Book Handbook of Statistical Genomics

Download or read book Handbook of Statistical Genomics written by David J. Balding and published by John Wiley & Sons. This book was released on 2019-07-09 with total page 1740 pages. Available in PDF, EPUB and Kindle. Book excerpt: A timely update of a highly popular handbook on statistical genomics This new, two-volume edition of a classic text provides a thorough introduction to statistical genomics, a vital resource for advanced graduate students, early-career researchers and new entrants to the field. It introduces new and updated information on developments that have occurred since the 3rd edition. Widely regarded as the reference work in the field, it features new chapters focusing on statistical aspects of data generated by new sequencing technologies, including sequence-based functional assays. It expands on previous coverage of the many processes between genotype and phenotype, including gene expression and epigenetics, as well as metabolomics. It also examines population genetics and evolutionary models and inference, with new chapters on the multi-species coalescent, admixture and ancient DNA, as well as genetic association studies including causal analyses and variant interpretation. The Handbook of Statistical Genomics focuses on explaining the main ideas, analysis methods and algorithms, citing key recent and historic literature for further details and references. It also includes a glossary of terms, acronyms and abbreviations, and features extensive cross-referencing between chapters, tying the different areas together. With heavy use of up-to-date examples and references to web-based resources, this continues to be a must-have reference in a vital area of research.

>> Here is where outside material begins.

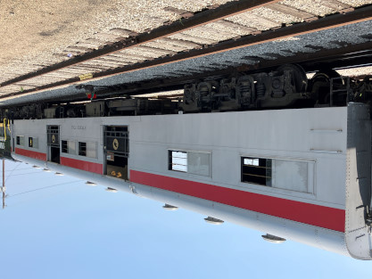 "Dinner in the Diner Nothing could be finer". This car, 8501 "Silver Diner" was built by the Budd Company as their 164. Amtrak dropped the Zephyr name and renumbered it as 8500 and finally 8551. Fort Wayne Railroad Historical Society obtained the car from Amtrak in 2019.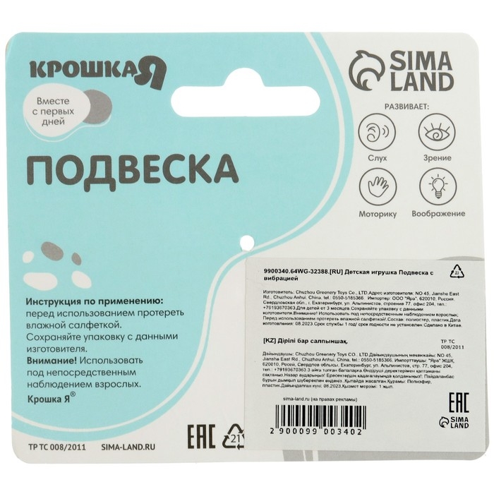 Соответствует требованиям безопасности детской продукции. Рекомендуется детям от 0 месяцев. Развивающая игрушка-подвеска "Крошка Я" станет отличным подарком на выписку!

Provides much-needed, timely coverage of new developments in this expanding area of study Numerous, brand new chapters, for example covering bacterial genomics, microbiome and metagenomics Detailed coverage of application areas, with chapters on plant breeding, conservation and forensic genetics Extensive coverage of human genetic epidemiology, including ethical aspects Edited by one of the leading experts in the field along with rising stars as his co-editors Chapter authors are world-renowned experts in the field, and newly emerging leaders. The Handbook of Statistical Genomics is an excellent introductory text for advanced graduate students and early-career researchers involved in statistical genetics.